Samstag, 25. Juli 2015

Ach rüttel mich, ach schüttel mich ...


… meine Früchte sind schon lange reif:

Die ersten liegen schon auf dem Hochbecken am Teich.

An einer Frucht nascht ein Admiral.

Und bei diesen Sauerkirschen bin ich gespannt, 
was nach dem Sturmtief Zeljko dann morgen 
noch am Baum hängt …

Leider hatten es in diesem Jahr die Amseln sehr schwer 
ihre Kinder flügge zu bekommen. Oftmals konnten wir 
oder neue Nester entstanden, doch Amselkinder habe ich 
bisher nur 1 oder 2 im Garten gesehen. Normalerweise 
gab es zur Erntezeit der Sauerkirschen immer reichlich 
Drosselkinder, die mit den Früchten gefüttert wurden. 
Aber in diesem Jahr ist eben vieles doch etwas anders. 
Nur für uns hängen die süßen Früchte - wie schon seit 
vielen Jahren, einfach zu hoch.

Fotos: SchneiderHein


Kommentare:

Elke Schwarzer hat gesagt…

Das Fehlen der Amselkinder dieses Jahr ist mir auch aufgefallen.
Ob es an den trockenen Zeiten im Mai und Juni lag? Es war bei der Dürre bestimmt schwer, an Würmer heranzukommen.
VG
Elke

SchneiderHein hat gesagt…

@ Elke
Bei uns waren die Amseln wohl zu unvorsichtig: 1x habe ich den Elsterangriff im Taxus am Steg beobachten können. Da hatten sie auch schon imletzten jahr das 2. Nest geleert.
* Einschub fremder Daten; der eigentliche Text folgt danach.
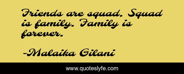 This page presents the quote "Friends are squad. Squad is family. Family is forever.". Author of this quote is Malaika Gilani. This quote is about forever, friendship, family,.

Ein Nest in der Korkenzieherweide wurde wohl von einem Eichhörnchen geplündert, denn da konnte ich bebachten, wie die Amsel das Eichhörnchen verfolgte. Ist ähnlich unvernünftig, denn die Eichhörnchen habe die Weide auf ihrem direkten Wanderweg. 2 Amselmämnnchen wurden im zeitigen Frühjahr wahrscheinlich von einem Mäusebussard gerissen.
Unsere Amseln haben eigentlich den Bogen raus, dass sie bei extremer Trockenheit dann Posthornschnecken & Köcherfliegenlarven aus dem Teich fischen. Allerdings Molche sind wohl in unserem Teichdickicht inzwischen schwer zu finden. Fischfutter gibt es bei uns seit 2010 nicht mehr im Teich - da waren alle Fische nach dem Pumpenausfall im Winter tot. Katzenfutter gibt es seit dem Sommer 2011 ja auch nicht mehr wegen der Igel/Zecken. Davon profitiereten auch die Amselkinder. Und die Vogelfütterung stellte ich Mitte Juni ein, als ich die ersten Meisenkinder sah. Sonst hätte Nachbarskater Cäsar wohl wie im letzten Jahr jeden Tag wieder einen Meisenbraten im Wäldchen serviert bekommen …
Ich vermute bei uns kamen in diesem Jahr einfach diverse ungünstige Umstände bei den Amseln zusammen.
Die Meisen kamen wohl ganz gut durch. Und ein Spechtkind haben wir auch.